Ни к чему размышления о доме, если не думаешь возвращаться.
* * *
Субботним шквалом снесло на фок-мачте стеньгу, пришлось искать удобную для починки бухту. Второй шторм настиг через неделю. Ветер грыз паруса, волны встряхивали суденышко, будто душу из него вытрясти хотели. У штурвала стояли сразу трое, а по палубе ходили, цепляясь за шторм-леера. Но обошлось. Сильно не пострадал никто, один лишь матрос, чернокожий Баако, упал с грот-стеньги, чудом лишь не убившись, и лежал после в беспамятстве трое суток, пока сеньору Бри не удалось привести его в чувство.

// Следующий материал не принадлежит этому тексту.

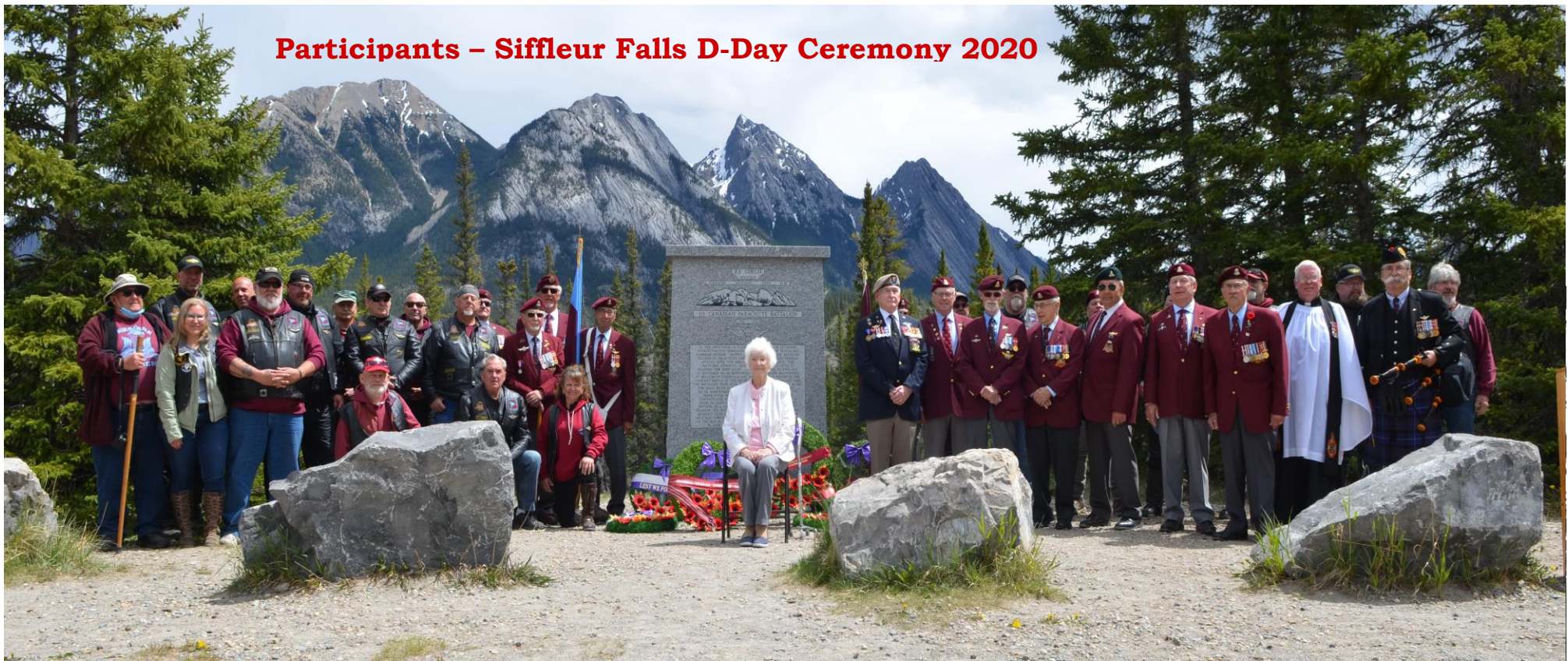
Participants – Siffleur Falls D-Day Ceremony 2020

Дожди стали чаще, небо все хмурилось, а море взбрыкивало, словно норовистый конь. На общем совете решили, что надо укрыться в надежной гавани и переждать месяц-другой, пока не наладится погода. Лючите такое решение не было по душе, но с морем приходилось считаться.

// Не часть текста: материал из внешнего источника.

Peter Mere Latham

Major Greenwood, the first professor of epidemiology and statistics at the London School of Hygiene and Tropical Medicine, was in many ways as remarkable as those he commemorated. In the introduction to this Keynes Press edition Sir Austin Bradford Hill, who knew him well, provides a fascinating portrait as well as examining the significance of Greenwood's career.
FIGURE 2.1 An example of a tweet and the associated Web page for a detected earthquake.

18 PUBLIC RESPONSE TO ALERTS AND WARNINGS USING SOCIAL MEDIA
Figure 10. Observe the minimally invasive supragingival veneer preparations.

Кортинас отстал, не спрашивая больше с насмешкой: "а что ж твой Мигель?"
— Мне не о чем с ним разговаривать, — жестко отвечала она, и была совершенно права. Ни желания, ни тем для разговоров у них не находилось.

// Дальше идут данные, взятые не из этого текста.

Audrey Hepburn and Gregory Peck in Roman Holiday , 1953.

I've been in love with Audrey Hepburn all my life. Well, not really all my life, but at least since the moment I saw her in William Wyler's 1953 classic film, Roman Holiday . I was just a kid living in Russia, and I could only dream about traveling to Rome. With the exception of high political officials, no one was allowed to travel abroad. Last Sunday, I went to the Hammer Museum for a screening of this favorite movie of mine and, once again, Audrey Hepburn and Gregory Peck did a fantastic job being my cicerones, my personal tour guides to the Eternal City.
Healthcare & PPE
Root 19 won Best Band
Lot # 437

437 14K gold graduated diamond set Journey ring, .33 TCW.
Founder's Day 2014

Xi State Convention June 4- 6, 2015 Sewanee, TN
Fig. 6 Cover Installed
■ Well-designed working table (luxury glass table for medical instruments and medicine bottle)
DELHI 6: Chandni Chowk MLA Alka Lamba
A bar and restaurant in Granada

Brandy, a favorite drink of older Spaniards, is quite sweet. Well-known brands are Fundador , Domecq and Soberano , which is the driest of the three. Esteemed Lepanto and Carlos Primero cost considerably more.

Энрике же, памятуя о данном обещании, мстить не торопился. С Мигелем девушка и не виделась почти, общаясь больше с невестой его. Та слушала Читу, приоткрыв рот. Рассказы о путешествиях и приключениях вызывали у сеньориты Хуанес возгласы удивления и восторга.
— Ты, вы... такая свободная, — вздыхала она. — И это чудесно. Но я бы так не смогла, а жаль.
А Лючита думала, что Мигель и вправду выбирает похожих девушек, и внешностью, и характером.
В Пуэрто-Уно пришлось остаться надолго: зарядили дожди, едва ли какой день обходился без них, ветер стал порывист, срывая листья с деревьев и портя крыши бедняков. Команда бригантины постоянно делилась на две части: ту, что была наготове на случай шторма, и ту, что заливала тоску в городских тавернах или развеивала ее же в публичных домах.
Пассажиры по причине прибытия в порт были высажены, и сняли пару комнат недалеко от пристани. Жизнь вошла в колею.
* * *
"И почему люди так оживляются к вечеру, когда мир засыпает?", подумала Лючита, заслышав на палубе шум. Выглянула за дверь и едва ли не столкнулась с сеньоритой Хуанес. Завидев капитана, Мэрисоль разрыдалась. Видимых следов насилия Чита не заметила, лишь бледный вид да заплаканные глаза свидетельствовали о глубочайшем душевном расстройстве девушки.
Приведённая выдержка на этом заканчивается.